Rust-native Kafka/Redpanda protocol and client implementation.

This crate provides Rust native consumers and producers as well as low level bindings for the Apache Kafka protocol. Unlike crates that use librdkafka in an FFI, users of this crate will not need the C lib and will benefit from Rust all the way down; meaning memory safety, safe concurrency, low resource usage, and of course blazing speed.

Documentation

Goals

  • Easy to understand code
  • Leverage best in class libraries such as Tokio, Nom to do the heavy lifting
  • Start with a robust foundation and add more advanced features over time
  • Provide a pure rust implementation of the Kafka protocol
  • Be a good building block for future works based around Kafka

Table of contents

Getting started

Install samsa to your rust project with cargo add samsa or include the following snippet in your Cargo.toml dependencies:

samsa = "0.1"

This project includes Docker Compose files to help set up Redpanda and Kafka clusters to ease with testing.
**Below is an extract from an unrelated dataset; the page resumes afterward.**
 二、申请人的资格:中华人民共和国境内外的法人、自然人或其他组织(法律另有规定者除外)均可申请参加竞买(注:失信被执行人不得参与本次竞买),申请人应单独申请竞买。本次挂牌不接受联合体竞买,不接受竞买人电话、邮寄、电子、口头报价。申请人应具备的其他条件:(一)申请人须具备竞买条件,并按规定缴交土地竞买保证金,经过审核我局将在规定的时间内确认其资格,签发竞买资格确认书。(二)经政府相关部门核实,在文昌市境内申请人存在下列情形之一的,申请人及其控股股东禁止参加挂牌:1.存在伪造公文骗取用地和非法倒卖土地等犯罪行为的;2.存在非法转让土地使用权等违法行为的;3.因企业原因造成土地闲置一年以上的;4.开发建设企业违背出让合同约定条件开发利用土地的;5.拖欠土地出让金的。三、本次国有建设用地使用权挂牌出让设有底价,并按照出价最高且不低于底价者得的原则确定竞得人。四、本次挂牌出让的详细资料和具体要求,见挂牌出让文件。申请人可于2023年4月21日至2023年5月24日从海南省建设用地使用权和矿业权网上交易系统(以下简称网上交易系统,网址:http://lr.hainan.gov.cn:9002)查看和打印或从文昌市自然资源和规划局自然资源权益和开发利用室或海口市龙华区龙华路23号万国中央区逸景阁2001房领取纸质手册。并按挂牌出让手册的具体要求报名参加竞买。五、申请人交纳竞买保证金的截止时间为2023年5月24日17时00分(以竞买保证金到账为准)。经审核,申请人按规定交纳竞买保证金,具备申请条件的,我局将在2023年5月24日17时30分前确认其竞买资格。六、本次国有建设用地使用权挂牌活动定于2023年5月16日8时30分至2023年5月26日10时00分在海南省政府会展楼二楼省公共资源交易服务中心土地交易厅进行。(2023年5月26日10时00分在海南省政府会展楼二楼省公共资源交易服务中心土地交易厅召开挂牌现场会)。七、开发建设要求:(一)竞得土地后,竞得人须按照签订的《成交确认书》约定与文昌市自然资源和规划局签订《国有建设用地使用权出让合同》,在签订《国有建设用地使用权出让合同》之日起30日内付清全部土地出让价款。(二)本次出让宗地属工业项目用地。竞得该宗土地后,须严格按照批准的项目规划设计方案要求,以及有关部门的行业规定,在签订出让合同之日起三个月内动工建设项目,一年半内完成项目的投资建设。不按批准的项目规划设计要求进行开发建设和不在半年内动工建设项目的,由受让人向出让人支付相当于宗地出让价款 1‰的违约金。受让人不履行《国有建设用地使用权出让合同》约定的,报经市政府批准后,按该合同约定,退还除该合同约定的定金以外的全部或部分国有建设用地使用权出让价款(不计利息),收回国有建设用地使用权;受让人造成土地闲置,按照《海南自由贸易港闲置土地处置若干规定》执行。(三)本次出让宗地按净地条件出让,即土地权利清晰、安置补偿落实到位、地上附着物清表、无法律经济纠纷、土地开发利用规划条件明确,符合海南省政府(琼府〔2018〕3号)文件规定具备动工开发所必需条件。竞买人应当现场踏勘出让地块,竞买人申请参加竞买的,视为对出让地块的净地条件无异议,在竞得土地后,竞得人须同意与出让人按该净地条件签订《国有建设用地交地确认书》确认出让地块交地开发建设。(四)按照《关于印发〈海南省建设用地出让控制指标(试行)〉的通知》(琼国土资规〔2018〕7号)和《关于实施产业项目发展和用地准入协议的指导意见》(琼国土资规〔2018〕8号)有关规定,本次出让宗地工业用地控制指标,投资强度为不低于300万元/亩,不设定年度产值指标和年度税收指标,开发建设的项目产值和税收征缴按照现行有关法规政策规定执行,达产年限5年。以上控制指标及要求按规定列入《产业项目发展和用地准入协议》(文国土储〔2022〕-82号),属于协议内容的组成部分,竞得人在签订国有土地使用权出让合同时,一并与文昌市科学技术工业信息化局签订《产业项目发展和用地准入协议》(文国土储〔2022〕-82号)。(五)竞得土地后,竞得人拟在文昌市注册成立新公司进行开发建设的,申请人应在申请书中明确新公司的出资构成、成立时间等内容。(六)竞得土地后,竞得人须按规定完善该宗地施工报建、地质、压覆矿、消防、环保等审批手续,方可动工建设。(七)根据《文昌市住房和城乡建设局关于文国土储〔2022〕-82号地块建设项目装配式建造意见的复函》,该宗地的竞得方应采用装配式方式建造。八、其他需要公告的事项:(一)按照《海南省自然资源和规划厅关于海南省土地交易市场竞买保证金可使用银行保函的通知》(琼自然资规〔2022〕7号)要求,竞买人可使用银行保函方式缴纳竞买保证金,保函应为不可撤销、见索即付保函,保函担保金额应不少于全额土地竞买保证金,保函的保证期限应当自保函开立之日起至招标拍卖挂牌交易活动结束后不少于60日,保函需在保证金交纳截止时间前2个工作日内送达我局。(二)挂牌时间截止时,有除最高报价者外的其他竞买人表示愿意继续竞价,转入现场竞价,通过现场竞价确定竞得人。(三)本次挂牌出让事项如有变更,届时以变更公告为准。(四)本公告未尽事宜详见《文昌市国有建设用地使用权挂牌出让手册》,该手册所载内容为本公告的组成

The easiest way to do this is to run docker-compose up to spin up a 2 broker Redpanda cluster. If you want to use different versions of Kafka, check out the DockerCompose.README.md

Producer

A producer sends messages to the given topic and partition.

It is buffered, with both a timeout and volume threshold that clears the buffer when reached. This is how letency and throughout can be tweaked to achieve the desired rates.
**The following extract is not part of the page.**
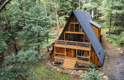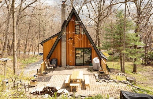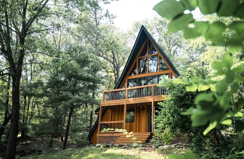 The Upstate A is a 3 bedroom + sleeping loft, 2.5 bathroom A-frame set on a quiet cul-de-sac in the heart of the Hudson Valley. Built in 1968, it was fully renovated in 2020-2021. Staying here you’ll experience a cozy yet modern vibe, immersed in nature but with all the accoutrements of an upscale stay. You'll find great hiking in the summer, skiing in the winter, fresh upstate air year-round and serenity all day and night.
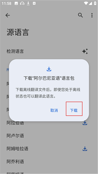 3、点【阿尔巴尼亚语】旁的下载按钮,会弹出下载提示框,点【下载】就能获取该语言包啦。

To instantiate one, it is easiest to use a Stream and the ProducerBuilder.

use samsa::prelude::*;

let bootstrap_addrs = vec![BrokerAddress {
        host: "127.0.0.1".to_owned(),
        port: 9092,
    }];
let topic_name = "my-topic".to_string();
let partition_id = 0;

// create a stream of 5k messages in batches of 100
let stream = iter(0..5000).map(|_| ProduceMessage {
    topic: topic_name.to_string(),
    partition_id,
    key: Some(bytes::Bytes::from_static(b"Tester")),
    value: Some(bytes::Bytes::from_static(b"Value")),
    headers: vec![
        samsa::prelude::Header::new(String::from("Key"), bytes::Bytes::from("Value"))
    ],
}).chunks(100);

let output_stream =
ProducerBuilder::<TcpConnection>::new(bootstrap_addrs, vec![topic_name.to_string()])
    .await?
    .batch_timeout_ms(100)
    .max_batch_size(100)
    .clone()
    .build_from_stream(stream)
    .await;

tokio::pin!(output_stream);
while (output_stream.next().await).is_some() {}

Consumer

A Consumer is used to fetch messages from the broker. It is an asynchronous iterator that can be configured to auto-commit. To instantiate one, start with a ConsumerBuilder.

use samsa::prelude::*;

let bootstrap_addrs = vec![BrokerAddress {
        host: "127.0.0.1".to_owned(),
        port: 9092,
    }];
let partitions = vec![0];
let topic_name = "my-topic".to_string();
let assignment = TopicPartitionsBuilder::new()
    .assign(topic_name, partitions)
    .build();

let consumer = ConsumerBuilder::<TcpConnection>::new(
        bootstrap_addrs,
        assignment,
    )
    .await?
    .build();

let stream = consumer.into_stream();
// have to pin streams before iterating
tokio::pin!(stream);

// Stream will do nothing unless consumed.
while let Some(Ok((batch, offsets))) = stream.next().await {
    println!("{:?}", batch);
}

Consumer group

You can set up a consumer group with a group id and assignment. The offsets are commit automatically for the member of the group.

use samsa::prelude::*;

let bootstrap_addrs = vec![BrokerAddress {
        host: "127.0.0.1".to_owned(),
        port: 9092,
    }];
let partitions = vec![0];
let topic_name = "my-topic".to_string();
let assignment = TopicPartitionsBuilder::new()
    .assign(topic_name, partitions)
    .build();
let group_id = "The Data Engineering Team".to_string();

let consumer_group_member = ConsumerGroupBuilder::<TcpConnection>::new(
        bootstrap_addrs,
        group_id,
        assignment,
    ).await?
    .build()
    .await?;

let stream = consumer_group_member.into_stream();
// have to pin streams before iterating
tokio::pin!(stream);
 
// Stream will do nothing unless consumed.
while let Some(batch) = stream.next().await {
    println!("{:?}", batch);
}

TLS support

You can add TLS support to your consumer or producer for secured communication. To enable this, start with specifying the TlsConnectionOptions, and pass it into an instance of the ProducerBuilder or ConsumerBuilder.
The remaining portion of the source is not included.